The laser sensors currently used to detect 3D objects in the paths of autonomous cars are bulky, ugly, expensive, energy-inefficient – and highly accurate.
These Light Detection and Ranging (lidar) sensors are affixed to cars’ roofs, where they increase wind drag, a particular disadvantage for electric cars. They can add around $10,000 to a car’s cost. But despite their drawbacks, most experts have considered lidar sensors the only plausible way for self-driving vehicles to safely perceive pedestrians, cars and other hazards on the road.

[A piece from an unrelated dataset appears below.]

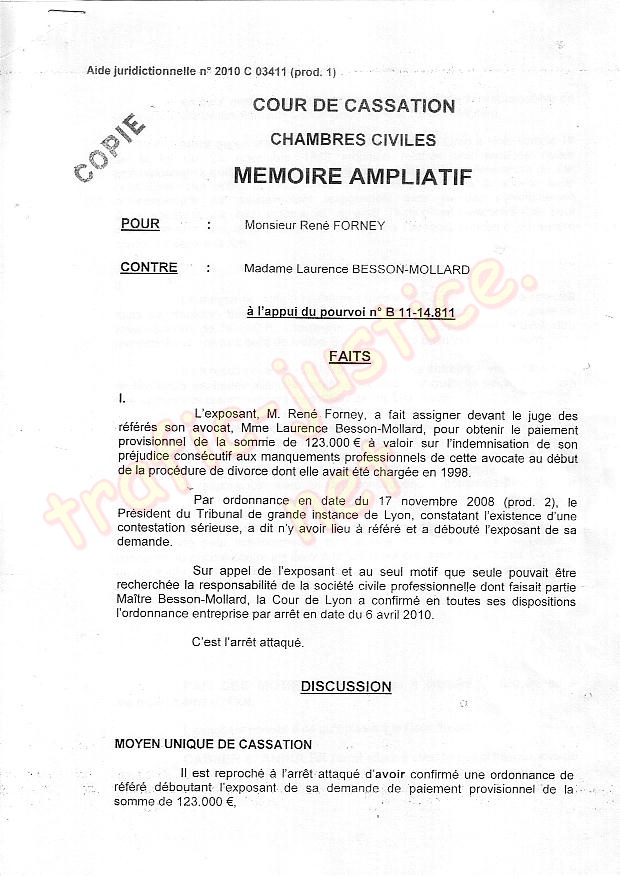 | L'avoué adverse se fait rémunérer sa corruption. (Tel René FORNEY. 0763 156646) |

Now, Cornell researchers have discovered that a simpler method, using two inexpensive cameras on either side of the windshield, can detect objects with nearly lidar’s accuracy and at a fraction of the cost. The researchers found that analyzing the captured images from a bird’s-eye view rather than the more traditional frontal view more than tripled their accuracy, making stereo camera a viable and low-cost alternative to lidar.
“One of the essential problems in self-driving cars is to identify objects around them – obviously that’s crucial for a car to navigate its environment,” said Kilian Weinberger, associate professor of computer science and senior author of the paper, “Pseudo-LiDAR from Visual Depth Estimation: Bridging the Gap in 3D Object Detection for Autonomous Driving,” which will be presented at the 2019 Conference on Computer Vision and Pattern Recognition, June 15-21 in Long Beach, California.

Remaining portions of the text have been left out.